Monday, June 8, 2009

Marnie: A Review


Tippi Cannot, And Hitchcock Too...

Marnie, Alfred Hitchcock's followup to The Birds, has a few things to recommend it. However, I would consider it a minor Hitchcock film. It was as if he tried to bring another version of Spellbound in terms of plot and greatness but ended up with another version of Suspicion.

Marnie (Tippi Hedren) is a thief who has robbed her employers of thousands of dollars to help her mother and keep a horse, her only indulgence. Mark Rutland (Sean Connery) is the head of the company she's planning her next heist on. She eventually commits the planned robbery, but Rutland is on to her and blackmails her into marrying him. Once married, she wants nothing to do with him, repulsed by his touch and disgusted by even the suggestion of sex with him.

Mark recognizes that Marnie has some secret that even she's not fully aware of. Eventually, after a horse-riding accident, he cajoles her and her mother into discovering the strange history of Marnie, and now that the truth has set her free, she and Mark can start a life together.

There are certainly signs that Hitchcock is still a visual craftsman of the first rank. When we first see Marnie's face, it's a pure vision of exquisite beauty, accentuated by Bernard Herrmann's beautiful score. Another flash of genius is when Marnie finally pulls of her heist. In the scene, she is suppose to be alone, but we see in the wide shot that parallel to her is a cleaning lady. When Marnie starts to leave, she realizes there may be a witness. She takes her heels off and tiptoes out, but we see her shoe start to slip out. Hitchcock builds up the tension beautifully.

However, there are problems. This was Tippi Hedren's second film, and while she was excellent in The Birds here she seems a little out of place, a bit lost. I don't think it's fair to fault her for this: she was doing her best with little experience. Connery, however, is a different matter.

He had much experience in film and on the stage, and in Marnie he is oddly cold and remote, without any passion or in some cases, interest in his performance. The phrase "phoning it in" seems apt. Connery is a first-rate actor, but his has to be one of his weaker performances.

The performances themselves aren't central to the issues Marnie has.
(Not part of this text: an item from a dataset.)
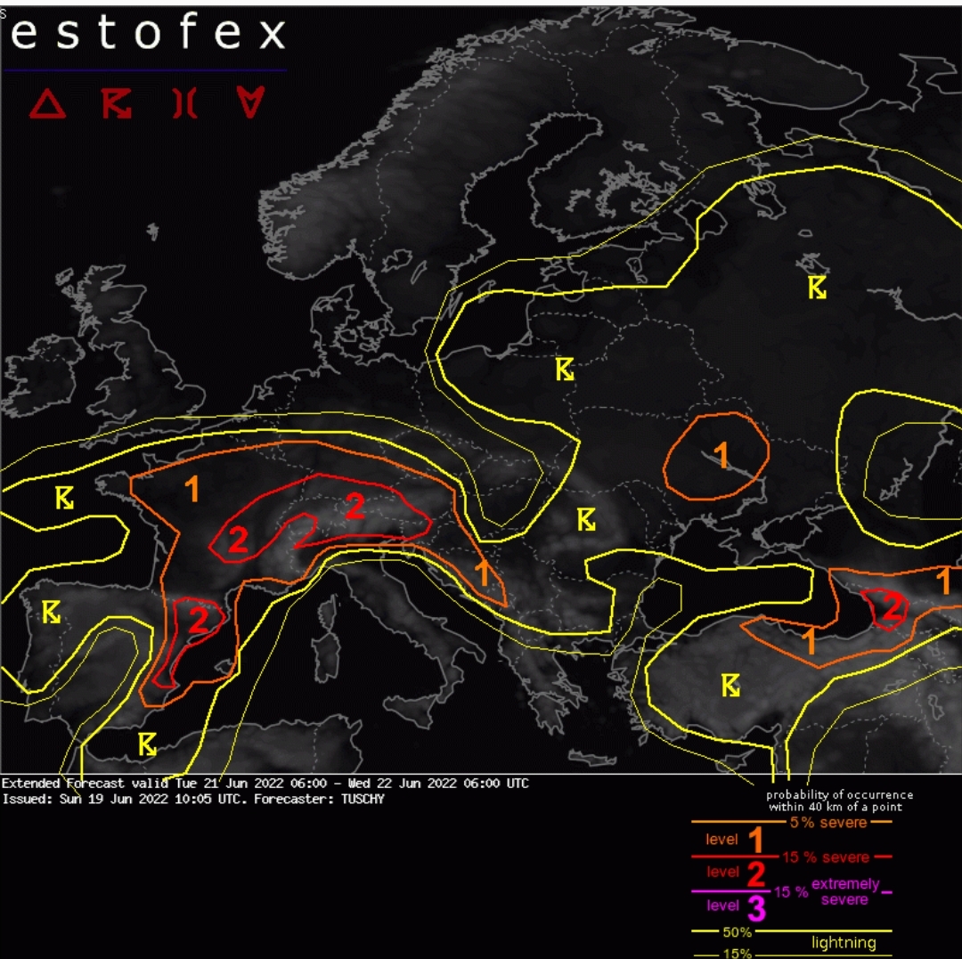 A level 2 was issued across Eastern Spain, France, parts of Switzerland, southern Germany, and northwestern Austria for (very) large hail, damaging winds, and to a lesser extent for heavy rainfall.

The story is a bit odd. Mark doesn't appear at any time to be in love with Marnie, so why would he want to marry her? His motives are even more strange when you consider Marnie absolutely wants nothing to do with him sexually. On their honeymoon she is physically revolted at the thought of a kiss, and I couldn't help but wonder if she had been horribly abused  or maybe even a lesbian.

Still, there has to be a reason why she's so repulsed by the idea of going to bed with him that she would try to drown herself in a pool. It would have made more sense to either turn her in or just have someone following her. It doesn't help that some scenes such as the fox hunt or when Connery is suppose to be looking down a hall searching for Marnie are obviously fake with unconvincing effects and poor sets.

There is one good thing in Marnie: Bernard Herrmann's beautiful score. The title music and the music for the fox hunt are especially good and memorable. The soundtrack is worth getting, and it's unfortunate that both the studio and Hitchcock disliked it given it's about the only strength Marnie has.

Ultimately, Marnie can't compare to the films that came before. In the final analysis, Marnie the movie was like Marnie the character: cold, distant, remote. I love Hitchcock, but Marnie appears to be the start of Hitchcock's slow descent.